Анискин сидел, ссутулившись, потом едва уловимо вздохнул, зашарил пальцами по домотканой скатерти, того, чего искал, не нашел и опять притих. Душная стояла тишина, но где-то смеялись ребятишки, поплескивала вода, погуживал в деревьях майский ветер; над вихрастой головой Луки растопыривались серебряные солнечные лучи, вползали в кухню, высветляя календарь с красным числом, журнальную фотографию Красной площади и написанное детским почерком расписание уроков.
- Вот чудной! - приглушенно сказал Лука. - В пол смотрит, губа скучная, глаз вялый… Эх, Федор, Федор, вот я за то двадцать два года и молчу, что ты человек шибко совестливый… Я ведь знаю, чего ты сегодня такой шальной!
Семенов встал, тоже подошел к окну, уперся лбом в стекло, точно так, как прежде Анискин, стоял он и видел то же самое - как с шелестом течет Обь в берегах, как кривится осокорь на берегу, темнеет банька. И так же долго, как Анискин, стоял Лука у окна - притихнув, затаившись.
- Тебя двадцать два года то мучает, что мы Серафима Голдобина не уберегли! - совсем тихо сказал Лука. - Ты двадцать два года себя за то казнишь, что думаешь: «Вот не послал бы я Серафима в те кустики, он бы живой остался!» Так ведь, Федор?
- Так!
- Он бы сам в те кустики пошел! - после длинной паузы сказал Лука. - Только из них-то и можно было увидеть, где они есть, танки. Что, я неправду говорю?
- Не знаю, Лука, не знаю.
Под Орлом, под Орлом теперь были Лука и Анискин. Изгибалась Ока круто, как тетива, белела церковка на сердцевинке города, горел вокзал. И уходил налево, в рощицу, Серафим Голдобин; все шел и шел, а потом не стало его - фонтаном вздыбилась земля, сверкнуло, загрохотало. Не было Серафима Голдобина! И пробивался сквозь землю на краю воронки сухой стебелек полынь-травы.
- Вот за то я молчу двадцать два года, - сказал Лука, - что ты, Федор, ничего не забываешь. Другой, он плохое забывает, а ты - нет.
Лука вернулся на место, усмехнувшись, с хрустом съел огурец. А участковый медленно поднимал голову - вот исподлобья посмотрел на своего дружка, вот улыбнулся краешками губ, вот негромко спросил:
- Ты о чем молчишь, Лука?
- А о том, что ты человек шальной! - сердито ответил Лука. - Вот ты помнишь тот день, когда мы Сосновку брали?
- Ну, помню…
Он помнил, конечно.
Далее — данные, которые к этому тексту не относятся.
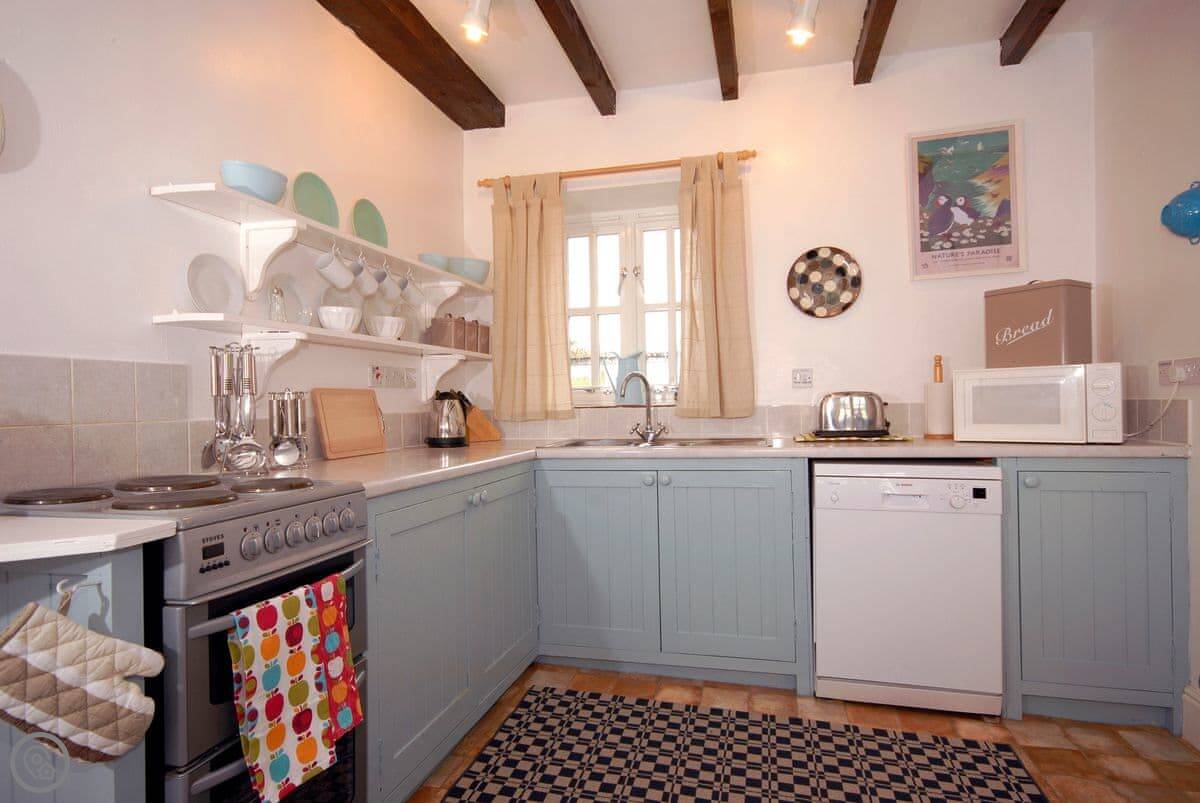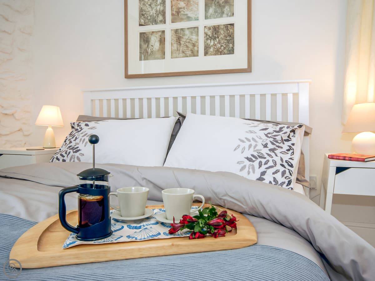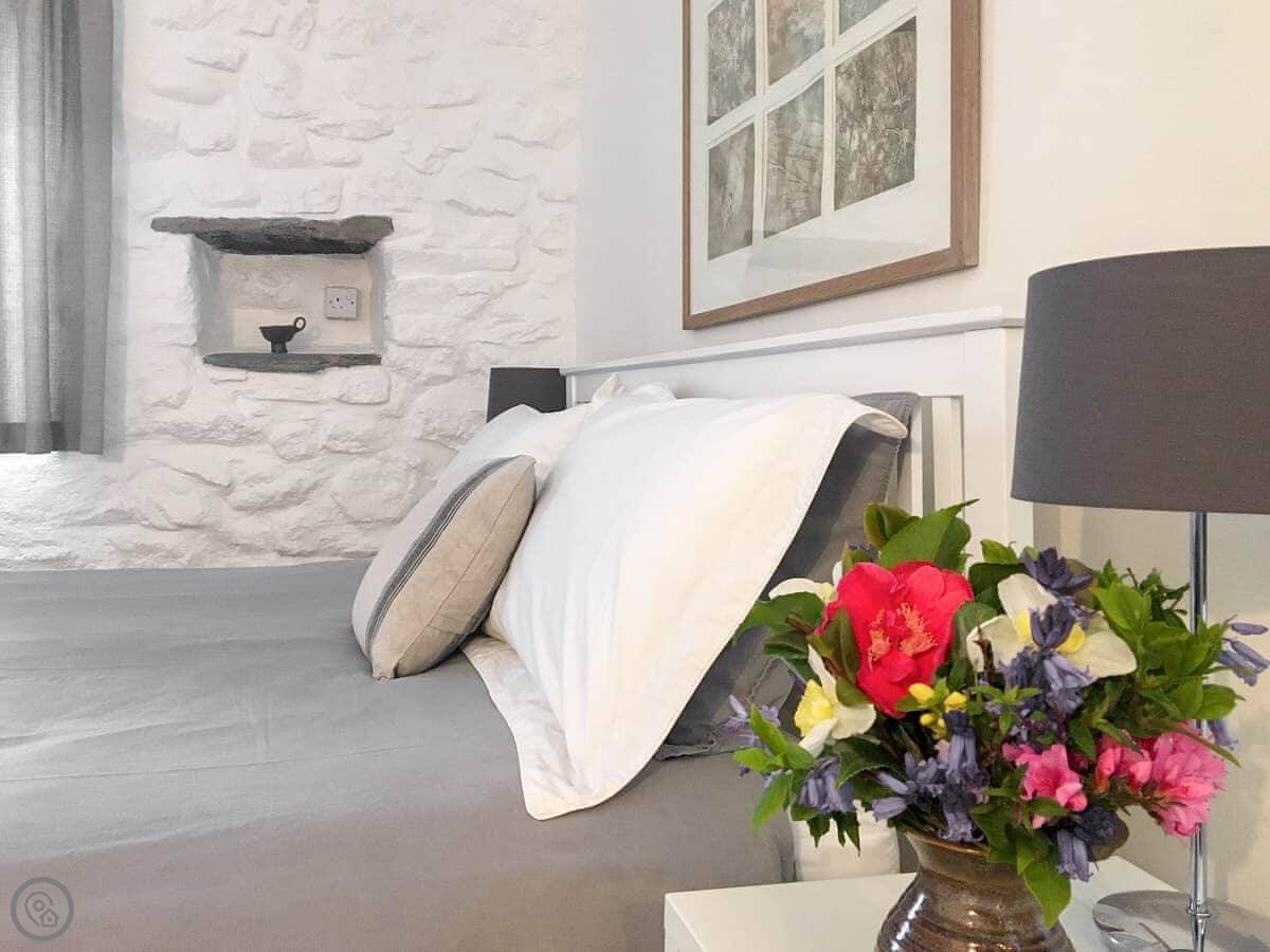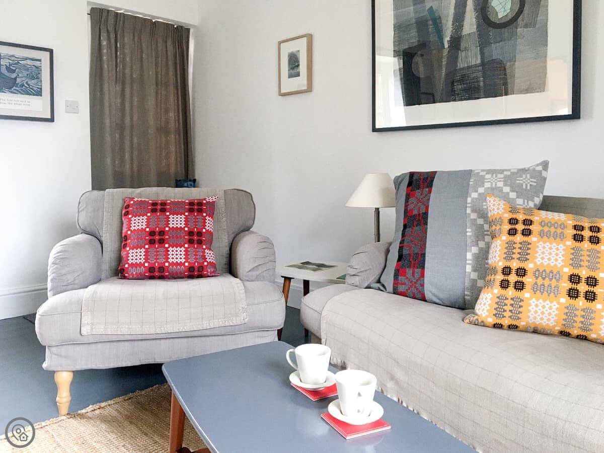 At the base of the Strumble Head Peninsula, with its white-washed lighthouse guarding the Irish Sea, this cottage is a perfect small rural retreat just for two . Warm, welcoming and comfortably furnished with beamed ceiling, a multi fuel stove to sit by and a mixture of modern and antique furniture the cottage is beside a private country lane in a row of five rural cottages, close to the pretty sleepy village of St Nicholas. A door from the sitting room opens out onto a small raised terrace with steps down to the secluded, enclosed private rear garden and patio- a sun trap.

И сожженные дома, что косо бежали по увалу, и большой сарай за околицей, возле которого, словно швейная машинка у старательного портного, ровно и длинно потрескивал станковый пулемет, и голубое облачко в небе не по-сибирски высоком и тепловатом на вид, хотя пушистый снег таял на ладони. И помнил, конечно, как два немца ходили по голубому снегу, сами голубые от чистых отблесков. Не больше пяти метров было до них, и было видно, какое ясное и молодое лицо у первого немца. И мысль свою помнил Анискин, ту мысль, что пришла в голову, когда секунда оставалась до того, как он должен был беззвучно прыгнуть на спину немцу. «У фрицев по отчеству не зовут, - подумал он тогда, - это только у нас, русских, есть отчество».
- А ту гранату ты помнишь, Федор? - глухо спросил Лука. - Ту гранату, за которую ты меня чуть не убил, помнишь?
- Помню.
Убивать Луку, конечно, за гранату Анискин не собирался, но схватил его за шиворот шинели, клацнув зубами, приблизил к себе и - шепотом, шепотом: «Под трибунал пойдешь, Семенов!» Он шептал это, а в воздухе еще висел гранатный взрыв, стоял столбом снег, а из того сарая, где стрекотал пулемет, выскакивали один за одним зеленые немцы. Не то что снять пулеметный расчет, а и ноги-то уносить Анискину и Семенову было трудно. Потому и тряс Луку Анискин, потому и шипел про трибунал, что взрыв гранаты услышали немцы.
- Твоя это была граната! - внезапно захохотав, сказал Лука. - Ты, когда на молодого немца бросился, чекой от «лимонки» за сучок задел. У тебя ведь четыре гранаты на поясе-то висели, а ты все годы считаешь, что три… И про второго немца ты правду не знаешь!
Казалось, что хмель уходит из анискинских глаз - светлели изнутри, зрачки расширялись, словно в кухне темнело.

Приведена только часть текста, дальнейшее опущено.